What is required
Would you restate every entry below word for word? Leave out the pictures.

Exercise materials
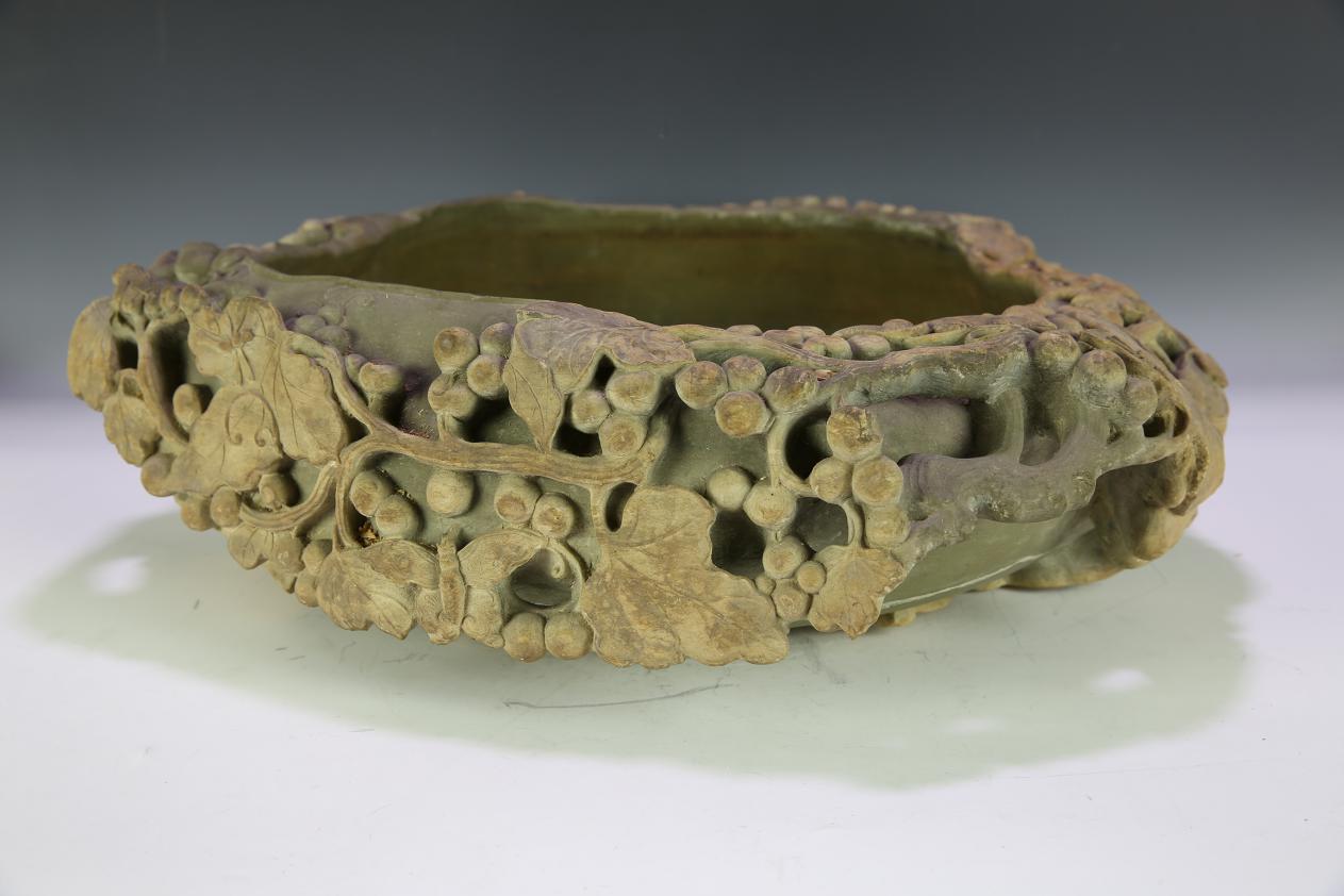 :该品为不定形,石质为绿端石,四面镂雕葡萄蝠鼠,可用做笔洗。
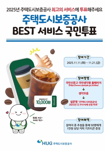 이미지 확대보기주택도시보증공사(HUG)가 이달 21까지 ‘2025년 CS 우수사례 국민투표(대국민 선호도 조사)’를 진행한다.
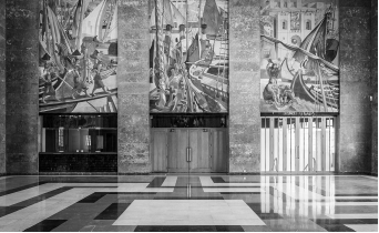 Es posible hacer un recorrido de Almada Negreiros por la ciudad de Lisboa a través de las obras plásticas que creó para diversos espacios públicos y particulares.7 De hecho, en la afirmación de Ellen Sapega: “ningún otro artista del siglo XX tuvo más encargos que Almada”,8 lo que también fue posible gracias a la relación de amistad entre Almada Negreiros y algunos de los arquitectos que ejecutaban obras para el Estado portugués.
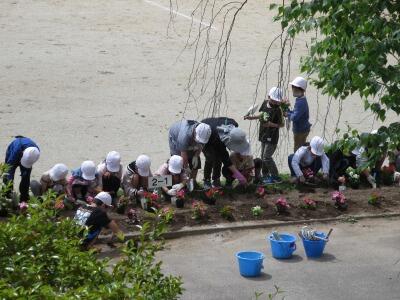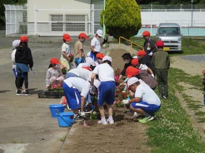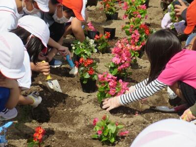 学年ごとの活動として,6月13日から17日の間に校舎前の花壇に360株のベコニアの苗を植えました。児童は,割り当てられた花壇に苗を植える穴を開け,苗の彩りを見ながら一株一株丁寧に心を込めて植えていました。今後は,学年ごとに水かけをしたり,除草をしたりして花のお世話をします。また,栽培委員会の5・6年生が花壇経営のサポートをします。
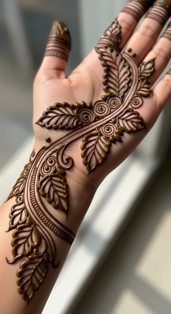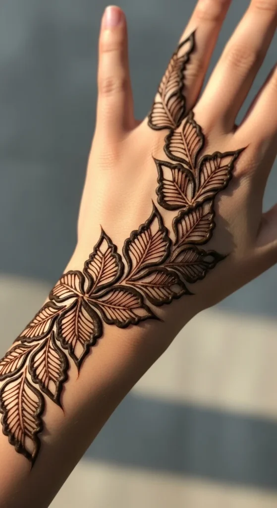 Bold leafy outlines are very useful when you are still learning cone control. Thin lines can wobble if your hand is not steady yet, but a slightly bolder stroke often looks cleaner and more intentional. Start with a medium-thick stem, then draw leaf shapes with clear outer edges. You can leave the inside open or add one tiny line through the center of each leaf. This style looks especially nice on the back hand and wrist because the bold outlines stand out well without needing a lot of filling. It also helps the stain look sharper after the mehndi dries. A good beginner trick is to cut your cone tip so the paste flows smoothly but not too fast. If it comes out unevenly, test the pressure on paper or glass first. Bold leafy mehndi works well for simple festive looks because it is easy to see from a distance and still feels elegant. You can pair it with dots, a curved wrist trail, or a small finger pattern. If you want a leafy design that looks stylish and beginner-friendly at the same time, bold outlines are a very strong option.

Exercise answer
 :该品为不定形,石质为绿端石,四面镂雕葡萄蝠鼠,可用做笔洗。
 이미지 확대보기주택도시보증공사(HUG)가 이달 21까지 ‘2025년 CS 우수사례 국민투표(대국민 선호도 조사)’를 진행한다.
 Es posible hacer un recorrido de Almada Negreiros por la ciudad de Lisboa a través de las obras plásticas que creó para diversos espacios públicos y particulares.7 De hecho, en la afirmación de Ellen Sapega: “ningún otro artista del siglo XX tuvo más encargos que Almada”,8 lo que también fue posible gracias a la relación de amistad entre Almada Negreiros y algunos de los arquitectos que ejecutaban obras para el Estado portugués.
 学年ごとの活動として,6月13日から17日の間に校舎前の花壇に360株のベコニアの苗を植えました。児童は,割り当てられた花壇に苗を植える穴を開け,苗の彩りを見ながら一株一株丁寧に心を込めて植えていました。今後は,学年ごとに水かけをしたり,除草をしたりして花のお世話をします。また,栽培委員会の5・6年生が花壇経営のサポートをします。
 Bold leafy outlines are very useful when you are still learning cone control. Thin lines can wobble if your hand is not steady yet, but a slightly bolder stroke often looks cleaner and more intentional. Start with a medium-thick stem, then draw leaf shapes with clear outer edges. You can leave the inside open or add one tiny line through the center of each leaf. This style looks especially nice on the back hand and wrist because the bold outlines stand out well without needing a lot of filling. It also helps the stain look sharper after the mehndi dries. A good beginner trick is to cut your cone tip so the paste flows smoothly but not too fast. If it comes out unevenly, test the pressure on paper or glass first. Bold leafy mehndi works well for simple festive looks because it is easy to see from a distance and still feels elegant. You can pair it with dots, a curved wrist trail, or a small finger pattern. If you want a leafy design that looks stylish and beginner-friendly at the same time, bold outlines are a very strong option.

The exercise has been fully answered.